Nesse sentido, Roberto Carlos outra vez – Volume 1 – 1941 – 1970 supera, na forma, a estrutura do antecessor Roberto Carlos em detalhes, livro em que o autor dissecou o artista por temas, com capítulos dedicados a expor a relação do cantor com o sexo, o amor, a fé e a política, entre outros tópicos.
Há ganhos também no conteúdo. O ensaio que apresenta o livro e precede a narrativa biográfica – intitulado A canção do Roberto – já merece menção honrosa. Nesse ensaio, Paulo Cesar de Araújo defende com propriedade a singularidade da personalidade artística de Roberto Carlos com o argumento de que essa identidade foi moldada com influências do rock, da bossa nova e da canção sentimental brasileira que constitui em si um gênero musical que o autor chama de brega.
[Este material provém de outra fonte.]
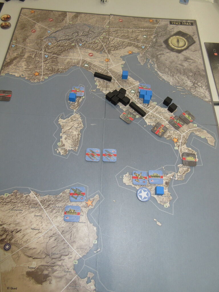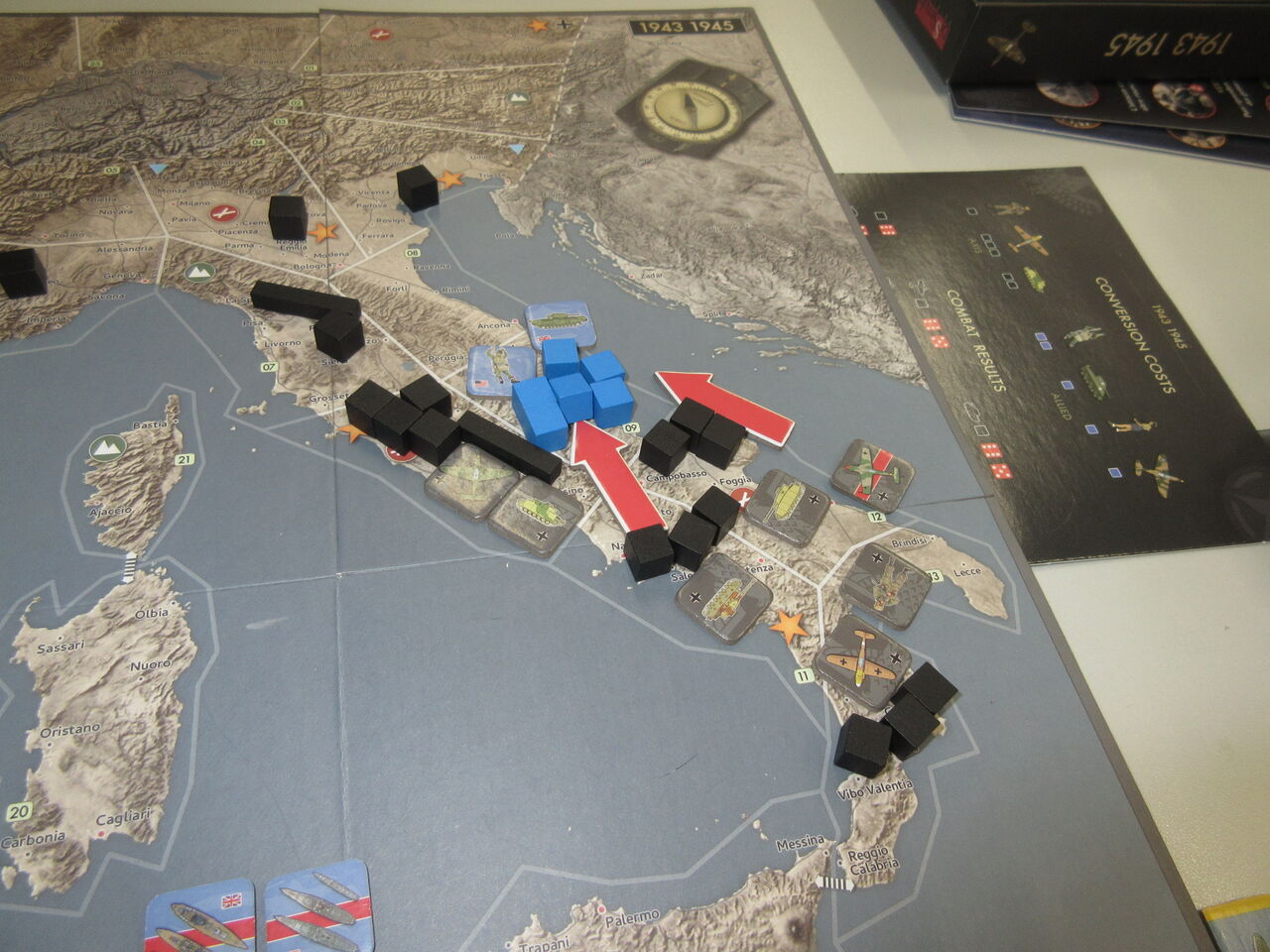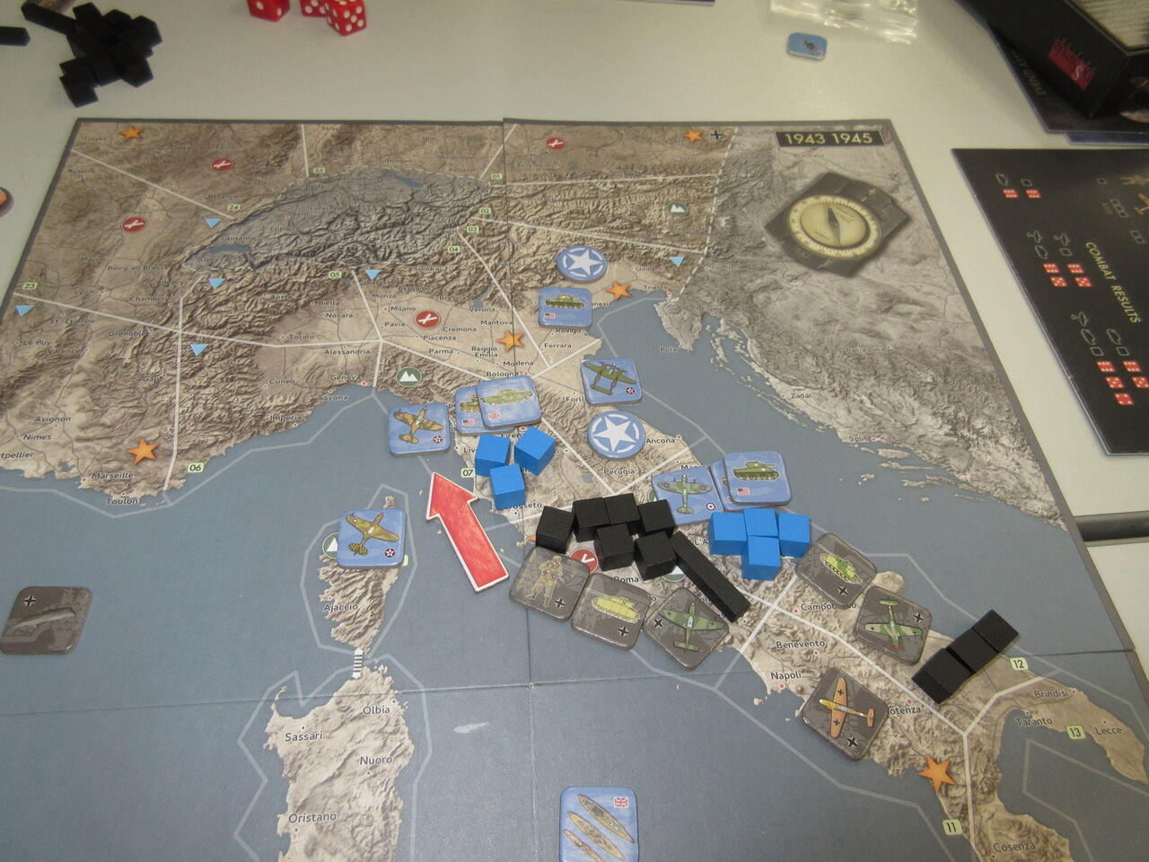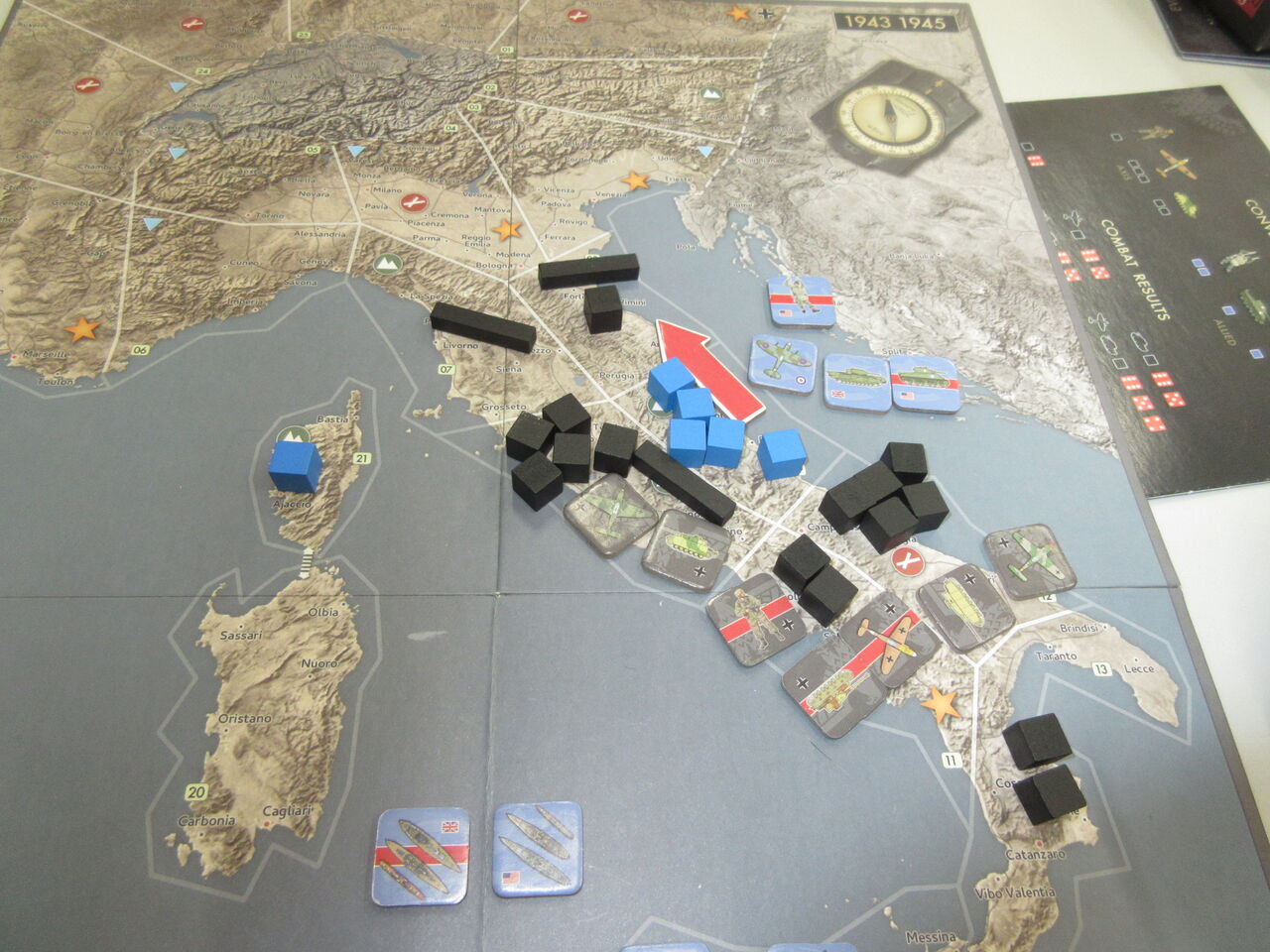 初プレイでしたが、シンプルなルールと多彩なイベントで、非常に楽しめました。制海権を持つ連合軍は、どこにでも上陸できるため、頻繁な強襲上陸と兵力の誘引、その上で別の箇所の攻略と、史実のような戦略が取れます。枢軸軍はそれに併せて兵力をシフトし、優秀な戦術的能力を駆使して、敵の撃退を試みます。今回は、幸いに連合軍が海に叩き落とされることはありませんでしたが、下手な上陸であれば(あるいはdrが偏れば)十分に起こりえました。販促の台詞通り「ルールはシンプルですが、(中略)両軍とも一定数のイベントを実行でき、戦いの流れを変えることも可能です」。これは、ぜひ、再戦したいものです。
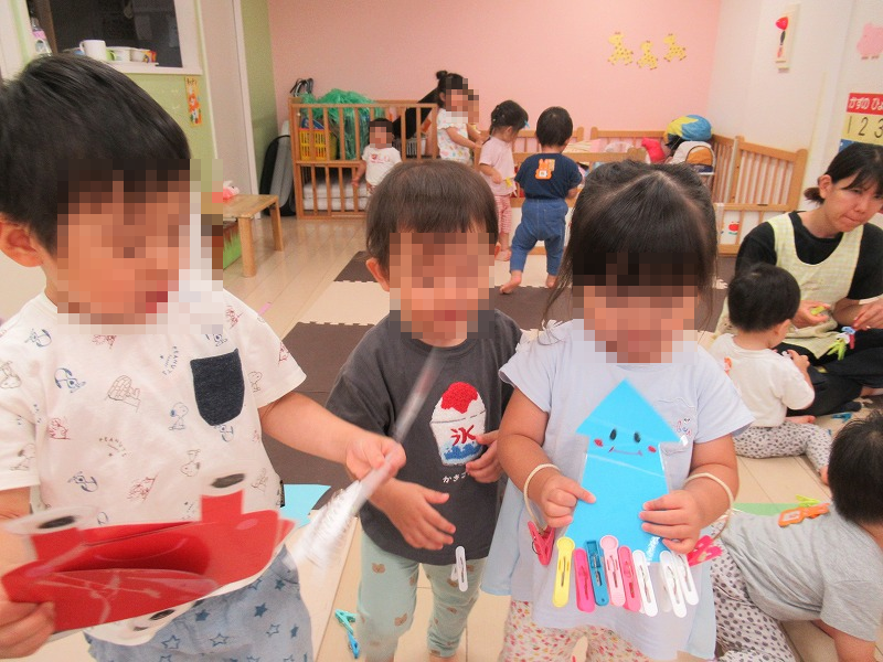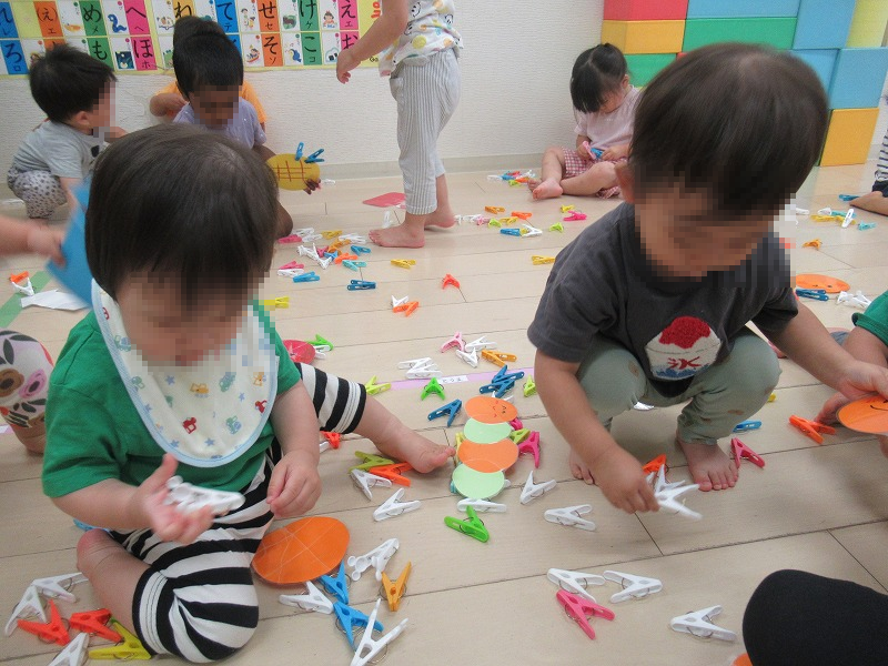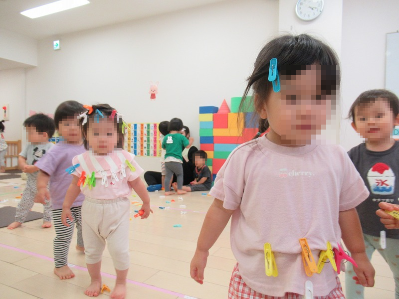 子ども達にブームな洗濯ばさみ遊び!ブロックよりも粘土よりも洗濯ばさみがいいみたい、指先を動かすのが楽しいっていいことだよね(^-^)
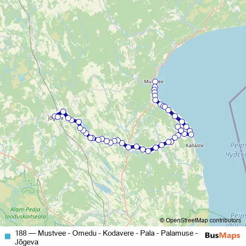 Click here to view the nearest 188 - Mustvee - Omedu - Kodavere - Pala - Palamuse - Jõgeva bus stop.
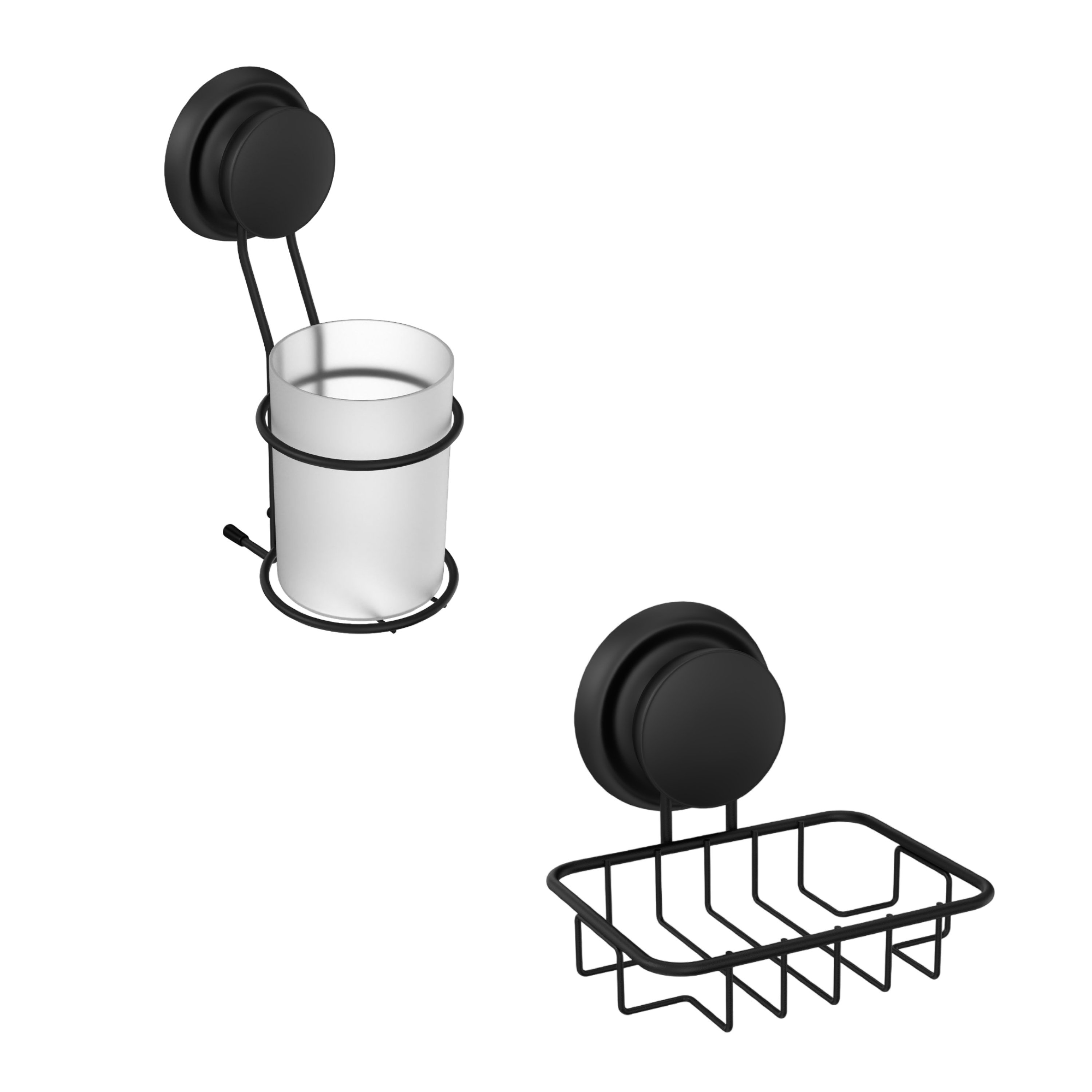 Набор Стакан Fora Grafit + Мыльница FOR-GRA034 настенная, на присосках, черная
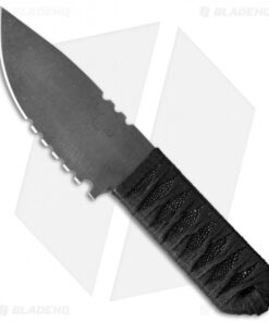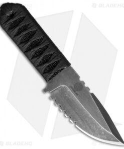 The Mocket Rocket is a an Asian-style tactical knife with a cord wrapped stingray skin handle and chisel ground, swedged drop point blade. It has partial serrations along with a dark acid wash finish. Includes a fitted sheath and Blade-Tech belt attachment.
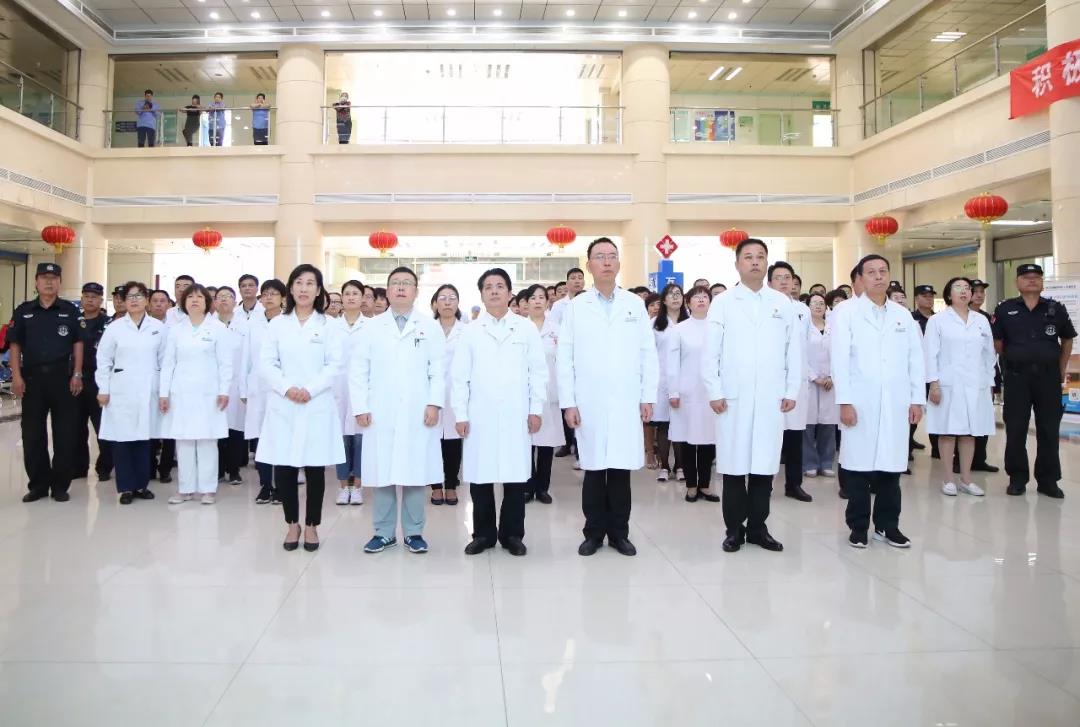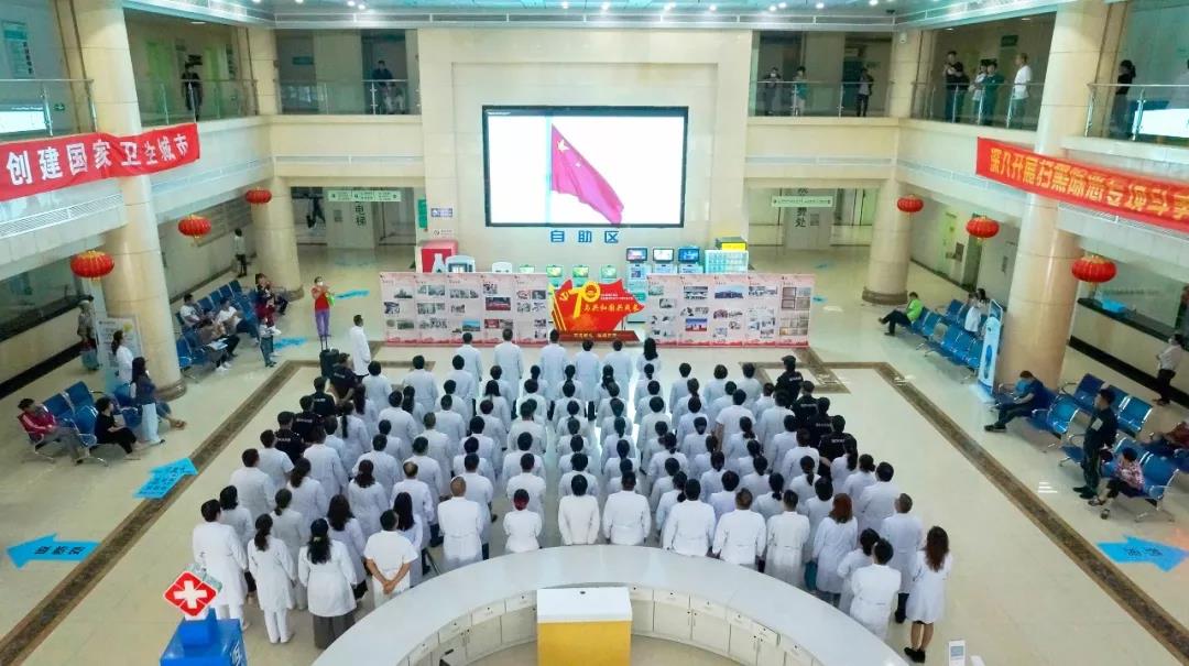 当日,秋高气爽,阳光明媚。参加国庆活动的医院党员干部职工在河北省胸科医院门诊大厅集合,列队参加升国旗、唱国歌仪式。

Do amálgama desses três estilos de música, germinados e/ou consolidados no Brasil ao longo dos anos 1950 e personificados para Roberto por Elvis Presley (1935 – 1977), João Gilberto (1931 – 2019) e Anísio Silva (1920 – 1989), respectivamente, criou-se a assinatura musical de Roberto Carlos, pessoal e intransferível, ainda que muitos tenham tentado imitar o cantor ao longo de carreira que já contabiliza 62 anos.
Roberto Carlos é alvo de uma segunda biografia não autorizada escrita por Paulo Cesar de Araújo
Reprodução / Capa do single 'A cor do amor'
Com 928 páginas e fotos alocadas entre os capítulos, o livro tem a longa narrativa da primeira parte encerrada com sentença lapidar de Ronaldo Bôscoli (1928 – 1994) – “Roberto Carlos é a contradição brasileira. É o único capaz de mandar tudo para o inferno e ser amigo de Jesus Cristo” – sobre o cantor para quem compôs algumas canções e, em parceria com Luiz Carlos Miele (1938 – 2015), criou shows e especiais.
Mesmo que cada capítulo detalhe a gênese de cada música, descortinando os bastidores das gravações de discos e produções de shows, Paulo Cesar de Araújo vai além ao biografar Roberto Carlos outra vez, procurando explicar a contradição de que falou Bôscoli.
Aparentemente sem temer novas represálias judiciais do artista biografado, o autor dedica o penúltimo capítulo, batizado com o nome da canção Ana (Roberto Carlos e Erasmo Carlos, 1970) ao enfatizar a personalidade controladora do artista em relação à própria imagem.
É quando Araújo conta que, em 1980, Roberto Carlos somente autorizou a emissora de TV SBT a reexibir o programa Quem tem medo da verdade? – atração sensacionalista da TV Record da qual o Rei foi o “réu” em edição exibida em fevereiro de 1970 – se pudesse cortar os trechos que ainda o incomodavam dez anos depois. E assim foi feito.
São detalhes de livro que, evidentemente, nada revela de realmente relevante para quem leu Roberto Carlos em detalhes porque, em essência, a história já está contada e, mesmo tendo sido eventualmente atualizada com fatos acontecidos ao longo dos últimos 15 anos, permanece substancialmente a mesma.
Contudo, cabe enfatizar, a maneira com que Paulo Cesar de Araújo reconta a história resulta mais sedutora do que a do livro de 2006 por estar mais próxima do formato cronológico das biografias tradicionais, sem tantas idas e vindas no tempo.
Acima de tudo, mesmo que o autor aponte idiossincrasias do biografado, fica nítido mais uma vez como é grande o amor de Paulo Cesar de Araújo por Roberto Carlos.